The very weakening of Kirchnerism meant that these speeches were often inaudible or perceived as sermons for a part of the population determined to vote for “the new” – even when the new could, in fact, be a leap into the void. Added to this is the fact that millenism has its own micro-militants, many of them digital.

The election result ended up being almost a carbon copy of Jair Bolsonaro's election against Fernando Haddad in 2018. The “fear” that Sergio Massa's campaign installed faced the “fatigue” of Javier Milei's campaign. Argentine progressivism is now facing a balance in these years; to the need for its reinvention in a new political-cultural context: a potential reactionary wave. “These elections do not just represent a defeat of Kirchnerism, of Union for the Fatherland or Peronism in general. Above all, they are a defeat for the left. A political, social and cultural defeat of the left, its values, its traditions, its conquered rights, its credibility”, wrote historian Horacio Tarcus.

7.

Will Javier Milei's victory lead to a cultural change in the country in line with its ultra-capitalist ideology? Can it transform electoral support into effective institutional power? Will this new right, product of the assembly of libertarians and macristas, be able to govern “normally”?

If Milei gave the surprise to Together for Change, he, however, depended on Mauricio Macri and Patricia Bullrich to obtain votes for the second round. Javier Milei won the presidency; Mauricio Macri gained political power. Can he make the radical adjustment he promised? How strong will the resistance be – from unions and social movements – against a government that will be very far to the right of Mauricio Macri (2015-2019) and that promises shock therapy? Will Javier Milei be able to build a social base to support his reforms?

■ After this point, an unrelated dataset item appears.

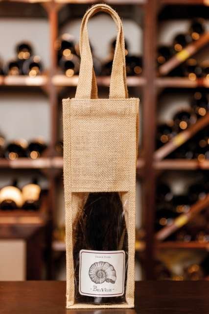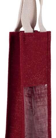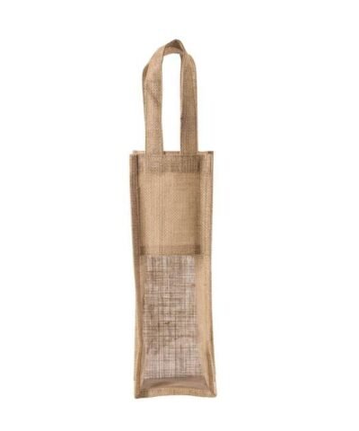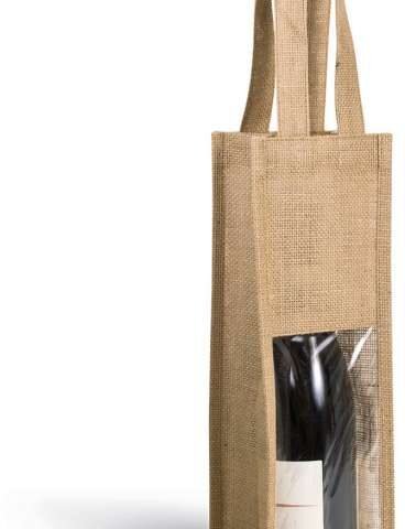 Jute canvas bottle bag. with 2 handles and transparent window on front;Designed for 1 bottle;

After 22pm on Sunday, November 19th, the president-elect recovered the tone of the barricade and made history in front of his followers. There he presented himself as the “first liberal-libertarian president in the history of humanity”, referred to XNUMXth century liberalism and repeated that in his project there is no place “for lukewarm people”. His followers responded by singing “That they all go away, that there is no one left alone".

*Mariano Schuster is a journalist.

*Pablo Stefanoni He is a professor of history at the National University of San Martín. Author of, among others, books, Has the rebellion become right-wing? (Unicamp Publisher).